[ reference · architecture ]

NVTrader reference architecture

36 specialized AI agents on the A2A event bus, end-to-end on a single NVIDIA DGX Spark / GB10. Trading research → cuFOLIO GPU optimization → 10-check validation report (Nemotron-narrated) → compliance-gated execution → realized-compare (backtest ↔ paper ↔ live, one strategy_version_id spine) → post-trade drift analysis → fills feed NeMo-RL DPO retrains → auto-promote to vLLM on localhost:8024 (Phase 8 closure) → next narration call hits the trained policy. Phase 9 — LLM-driven Signal Discovery closes a second flywheel: 4 Nemotron-driven agents (Generator · CodeGenerator · Advisor · Orchestrator) propose JSON-AST formulas over a 66-operator vocabulary, evaluate Mean IC + p-value on real yfinance bars, gate on |IC|≥0.02 AND p≤0.05, and promote accepted formulas to sleeves with Grinold-Kahn α-tilt on cuFOLIO scenarios. Architecture adapted from NVIDIA-AI-Blueprints quantitative-signal-discovery-agent. Full OTel audit on every step (including LLM chain-of-thought via llm.reasoning.* spans).

Open full-screen ↗ Read the technical brief →

Layer diagram

The seven-and-a-half layer stack — each layer's responsibility, the NVIDIA-owned components, and how the pieces talk. Scroll inside the frame for the full SVG.

Layers at a glance

Layer	What lives here	NVIDIA bits
1 · UI	FastAPI + Tailwind multi-tenant whitelabel; 16 operator pages (login, dashboard, chat, orders, research, data, models, thesis, backtesting, benchmark, continuous-rl, autotrader, observability, reports, deployments, account)	—
2 · Agent orchestration	36 agents · typed subscribes/emits · compliance gate at every order AND at strategy-definition layer (Phase 7) · Phase 9 Signal Discovery loop (4 agents) co-resident on the same bus	NAT (observability) · AIQ Deep Research · Quant Signal Discovery blueprint
2.5 · A2A event bus	`src/traderspace/bus/` · asyncio fan-out · 36 agents · forward cascade + closed feedback loops + Phase 8 DPO closure + Phase 9 Signal-Discovery closed loop	—
3a · LLM inference (cloud)	Multi-model routing with ordered fallback chain	NVIDIA Build API · Nemotron 3 Super 120B · Nemotron 3 Nano Omni 30B · Kimi K2.6
3a.5 · LLM inference (local, Phase 8)	vLLM 0.21.0 on port 8024 hosting promoted DPO checkpoints. `policy_router(decision_type)` swaps local↔cloud per decision_type (rebalance / validation / thesis / post-trade narration). Cold-start falls back to cloud automatically.	vLLM · mamba-ssm 2.3.2 · causal-conv1d 1.6.2 · Python 3.13 dedicated env
3b · GPU optimization	Mean-CVaR portfolio LP + KDE scenario gen + NeMo-RL DPO/SFT/GRPO — all on cuda. cuOpt exposed as Plan / Modify / Optimize / Explain skills; in-process or cuOpt NIM backend.	cuFOLIO · cuOpt PDLP / cuOpt NIM · NeMo-RL 0.6.0 · PyTorch 2.11+cu130
3c · Strategy lifecycle (Phases 0-9)	StrategyVersion + mode meta tag threads through every artifact.

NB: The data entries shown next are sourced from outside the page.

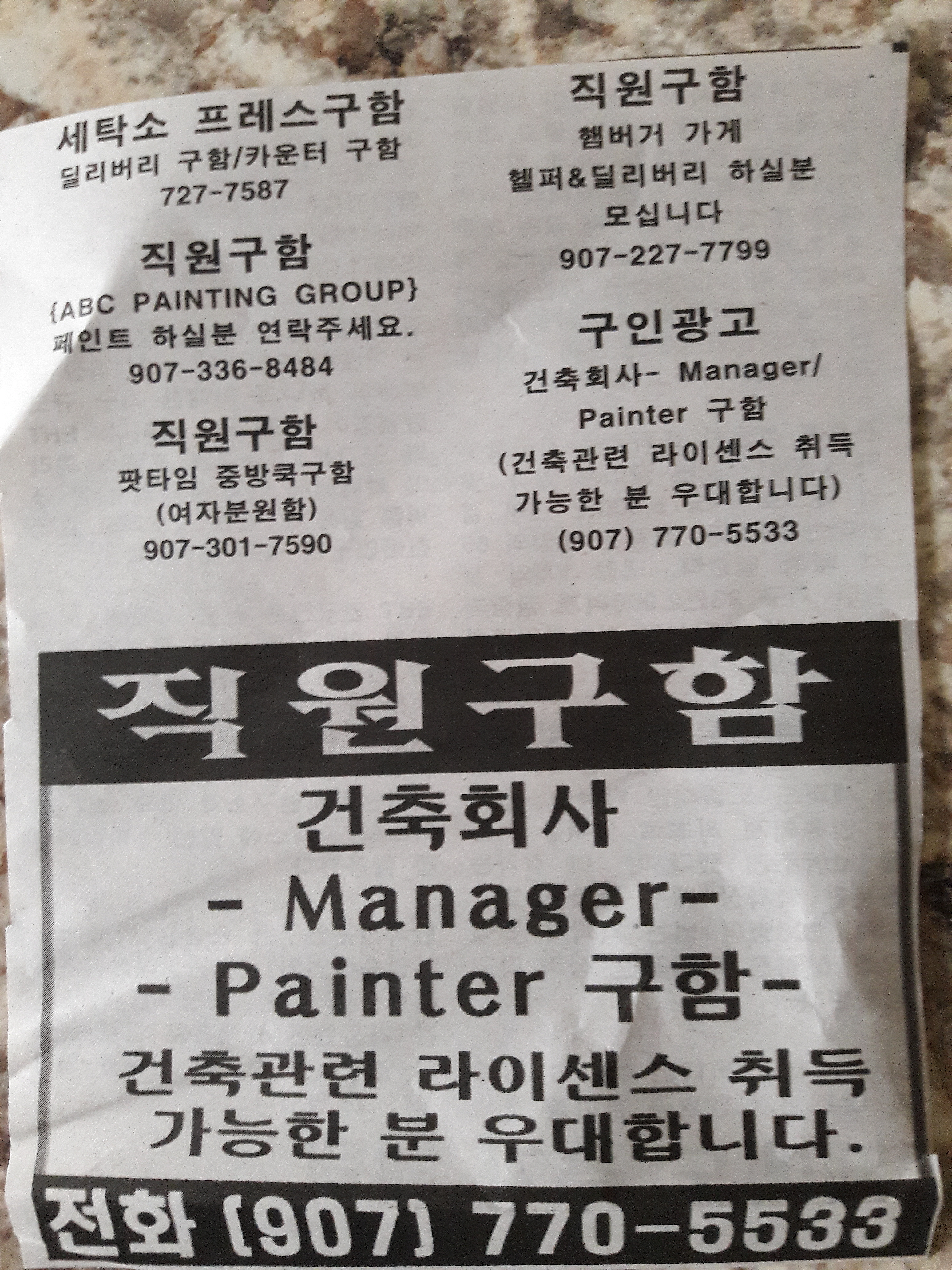 이번주 구인과 구직 정보입니다.
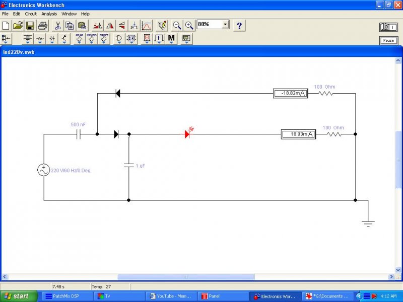 Figyeld az aram erteket a szimulaciobol kimasolt kepekbol. A soros kondenzator reaktanciajatol fugg az aram nagysaga. 500nF esetebe kb 0-tol 300 Ohm-ig soros ellenallasal ,kb 21mA marad az aram egy egy agban es valtoaramban ezek osszege (egyeniranyitas elott) 42mA.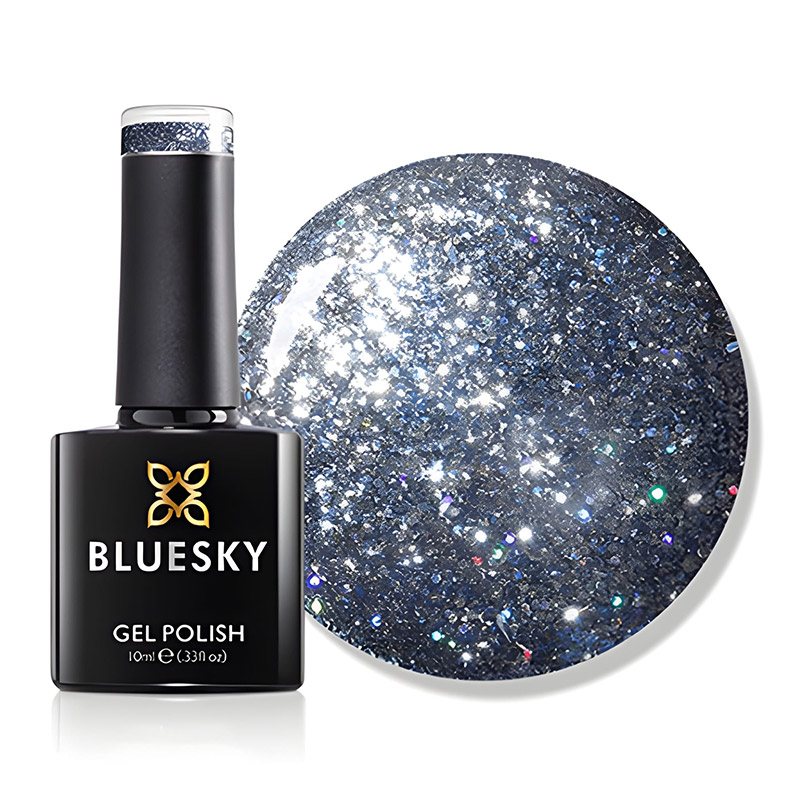 An eye catching gel polish collection; super shiny platinum glitter combined with colourful, delicate laser glitter for a mesmerizing sparkling effect.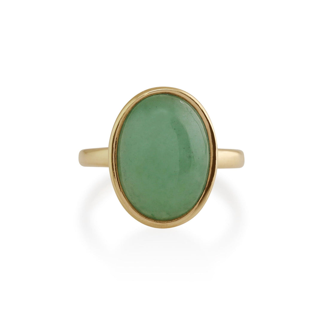 Statement Oval Jade Ring in 9ct Yellow Gold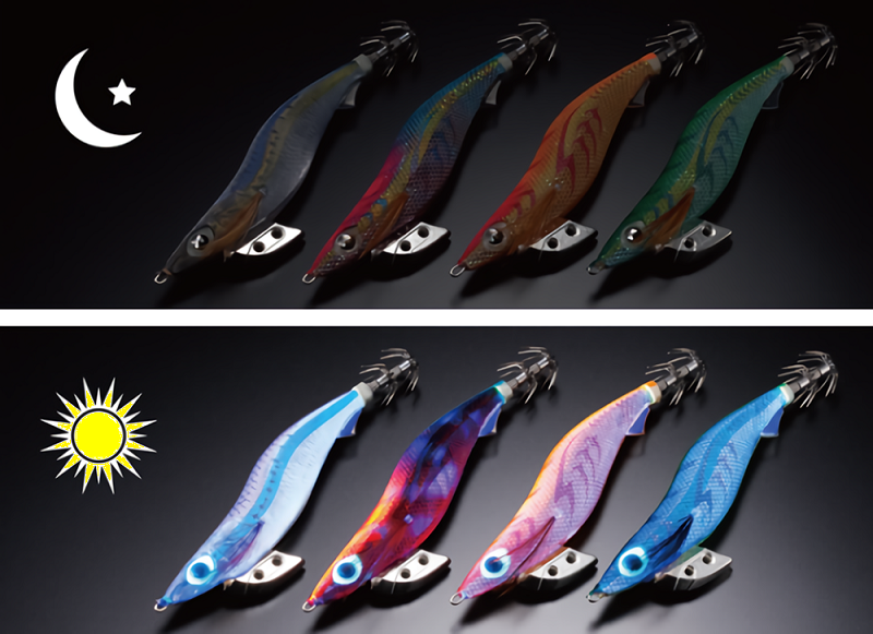 조류 색상에 따라 최적의 자외선 발광 아오리 이카에 에기의 존재를 어필!

Phase 1: backtest completeness (10 metrics + trade_log). Phase 2: 10-check ValidationReport. Phase 3: thesis → spec via Nemotron. Phase 4: realized-compare. Phase 5: live-deploy gate (6-required checklist). Phase 6: post-trade drift. Phase 7: cascade wiring. Phase 8: DPO closure via PolicyPromotionAgent + InferenceServerAgent. Phase 9: LLM-driven Signal Discovery — Generator → CodeGenerator → Evaluator (Mean IC + p-value on real yfinance OHLCV) → Acceptance gate → Advisor critique → loop; accepted formulas promote to sleeves with Grinold-Kahn α-tilt on cuFOLIO scenarios.	—
4 · Data + research sources	Pluggable adapters with unified Bar / NewsItem / Filing schemas	—
5 · Compliance + execution	Hard / soft / warn vetos · 4-layer gate (strategy-definition → cascade → chat → REST) · pluggable BrokerAdapter · Approve / Override / Reject audit · live-deploy modal with frozen params + 6-required checklist	—
6 · Persistence + audit	Fernet-encrypted credentials · immutable decision audit · 51-event AuditAgent · OTel trace ledger · per-tenant isolation · forgot-password / reset flow (15-min single-use tokens)	—
7 · Hardware + deployment	Docker (CUDA 13.0 runtime) · Tailscale · postgres-swappable auth · multi-arch (x86_64 / aarch64)	DGX Spark · GB10 (compute 12.1)

End-to-end data flow

One trigger fires the full pipeline. ~40 events across 36 agents in ~5 seconds on GB10 (excluding training runs). The Phase 8 DPO closure adds an asynchronous outer loop that auto-promotes trained checkpoints back into inference. The Phase 9 Signal-Discovery loop runs on-demand from a chat intent ("momentum signals on US tech") and typically completes 3 iterations in 60-120 seconds against build.nvidia.com Nemotron 3 Super.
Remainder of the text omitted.